Garry Monahan still seems a bit surprised, but is good-natured about the interest that he attracts from being the first player to be drafted into the NHL.
Sixty years ago, the Barrie-born, Toronto-raised teenager was at home when his family got a call from legendary Montreal Canadiens executive Sam Pollock.
Monahan was informed, through his father, Patrick, that he was the first-overall selection in the very first NHL Amateur Draft.
“My family and I didn’t even know what that meant, or what the draft even was," explained Monahan.
Back then, most players were bound to one of the six NHL teams from their early teens. From there, the better kids were placed on junior teams owned by the corresponding club to start the long journey to the NHL.
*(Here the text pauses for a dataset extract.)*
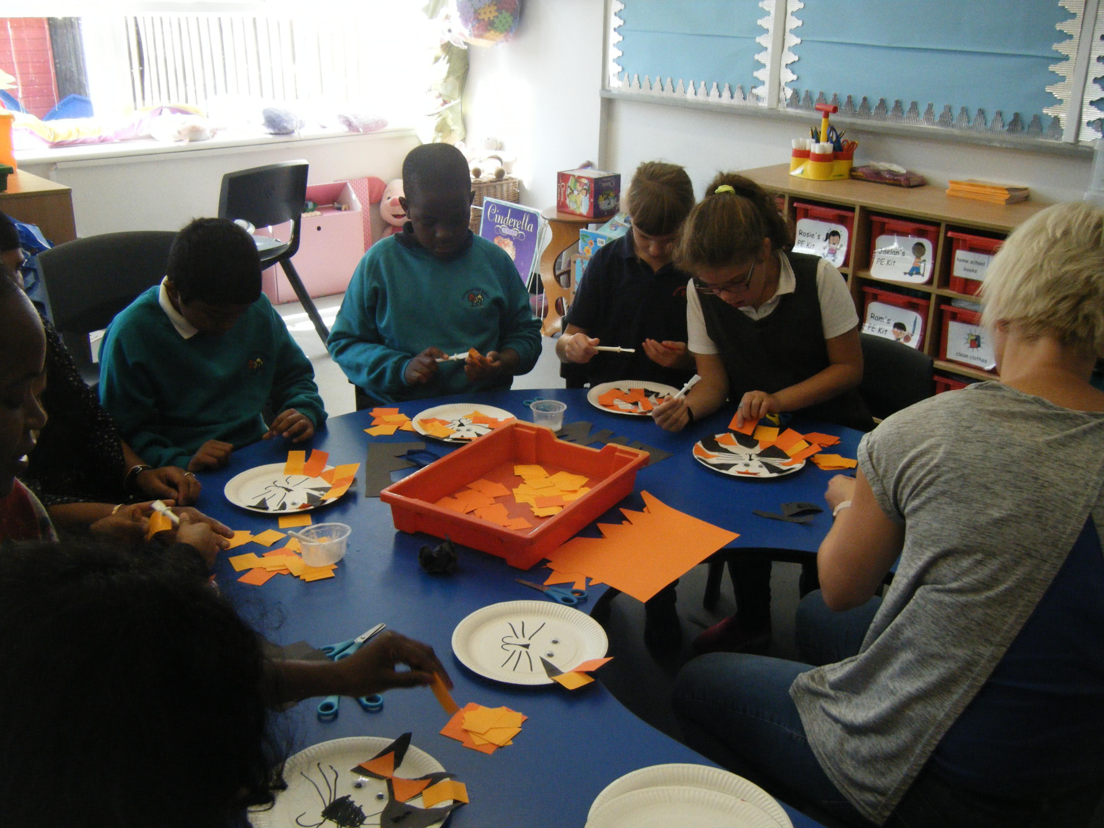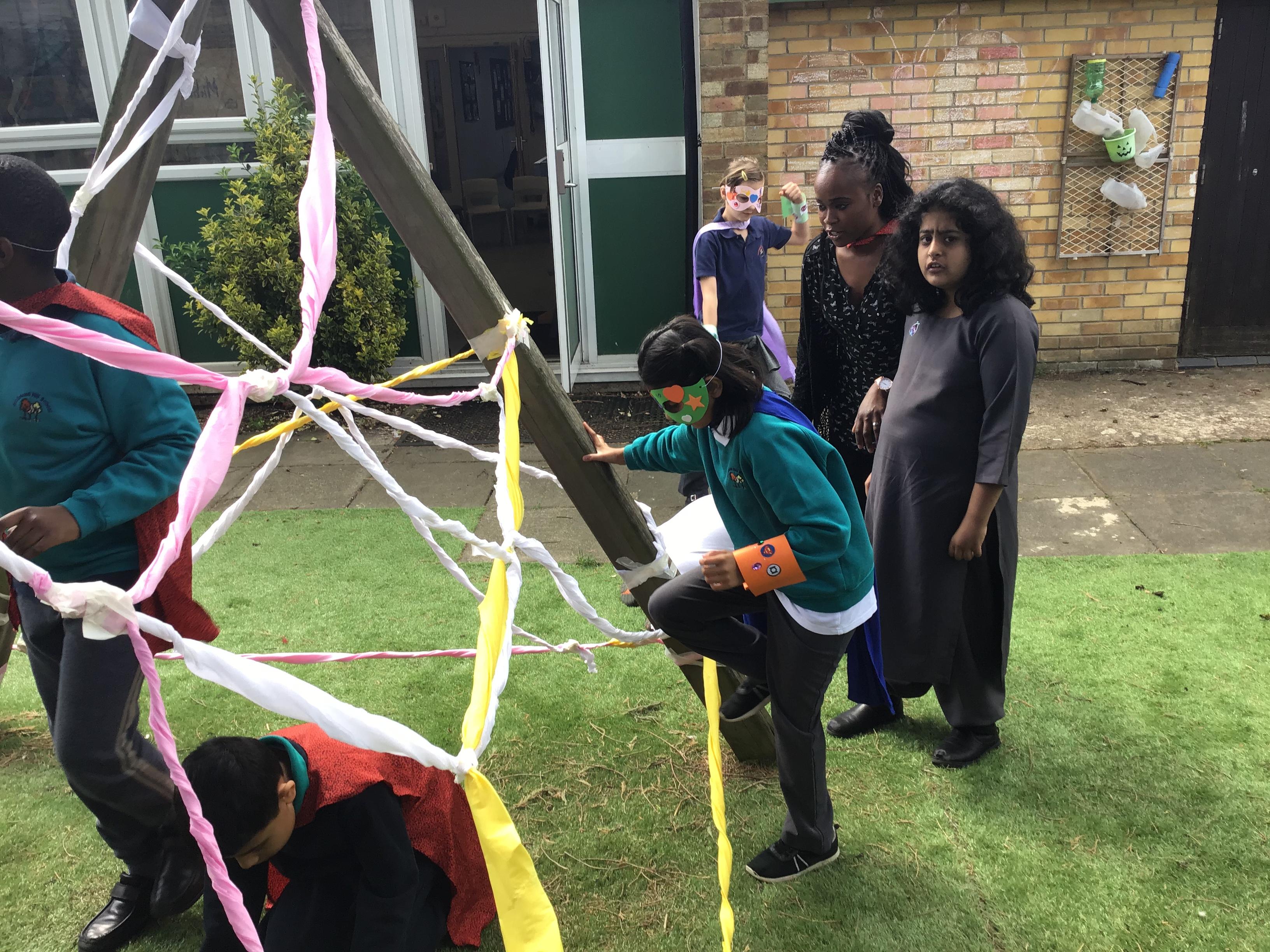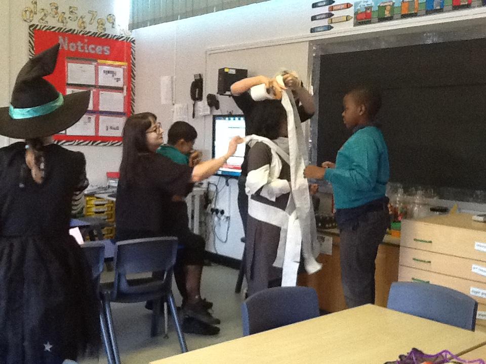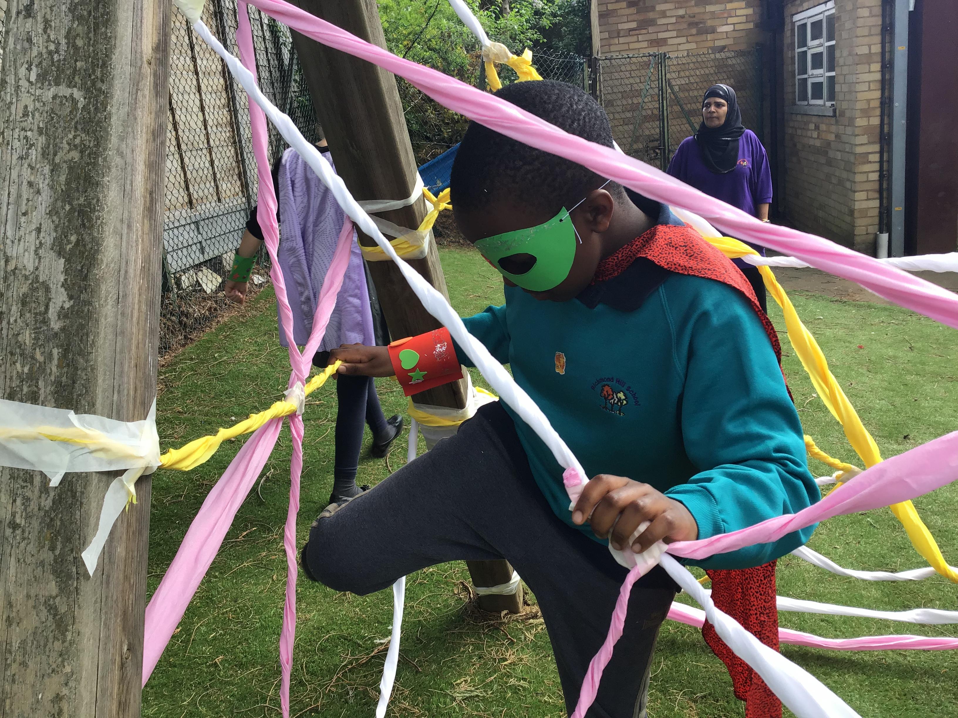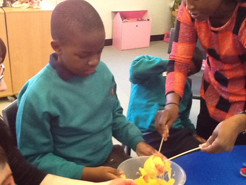 We made Cameras and binoculars and went exploring. We made Mexican burgers in cookery and tiger masks in Topic.
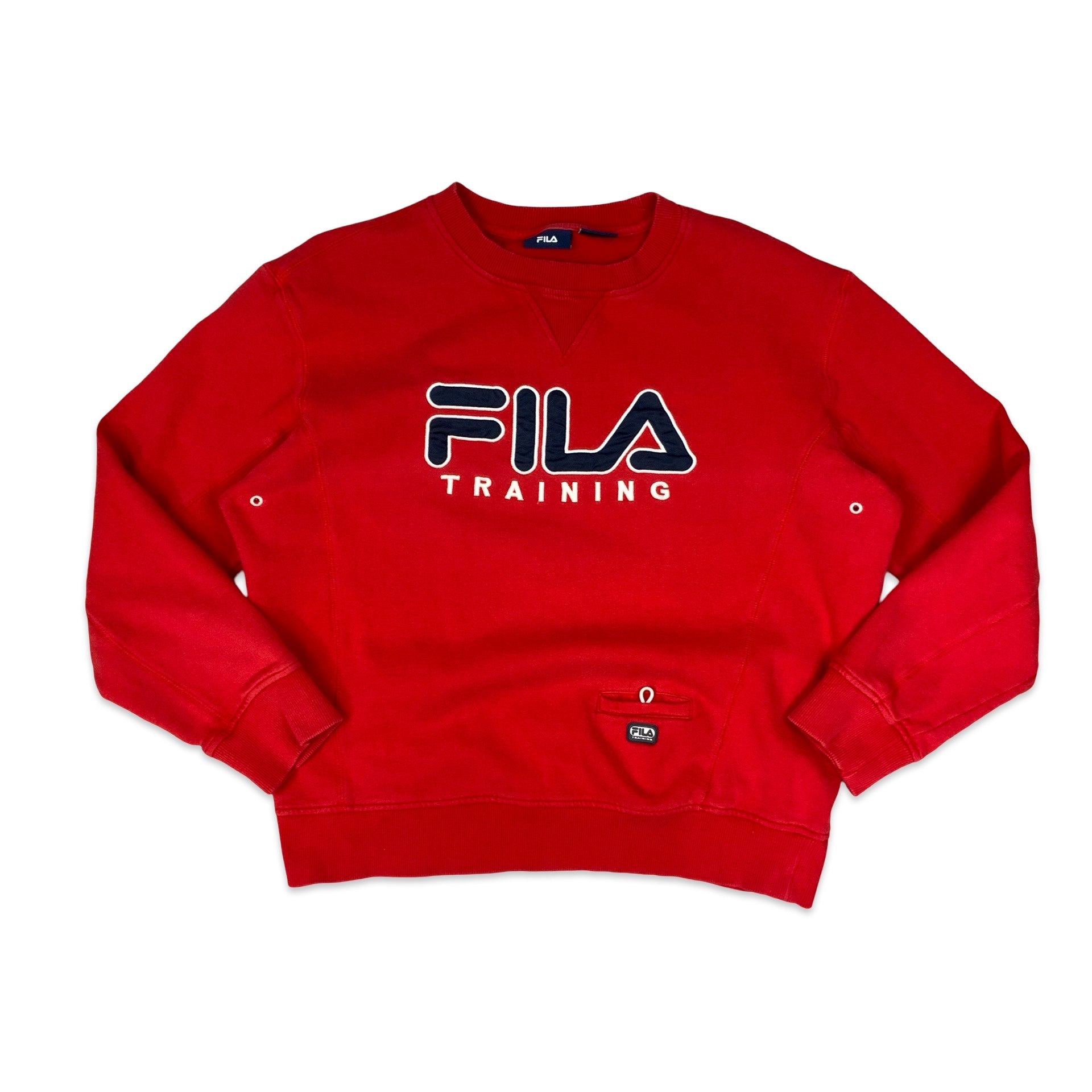 Preloved FILA red spell out sweatshirt with small pocket detail.

Most never even made it to junior hockey, fewer still to the NHL. But for kids that had slipped through the cracks, a draft was instituted in 1963, with an eye to make it universal and allow all NHL teams an equal shot at the best teenage players. That process took almost another decade to fully implement as the Original Six clubs began to divest themselves of the junior clubs they had owned.
The Monahan family didn’t know about it, but the draft that year was held in secret at the Queen Elizabeth Hotel in Montreal. The venue was the draft’s home for many years until the NHL started moving it around in the 1990s as it grew in stature.
The NHL Draft has now become a signature event and this year it is taking place starting Wednesday in Nashville. Regina Pats forward Connor Bedard, whose star has been ascending the hockey world for much of the past three years such that he is already a household name, will be taken first overall.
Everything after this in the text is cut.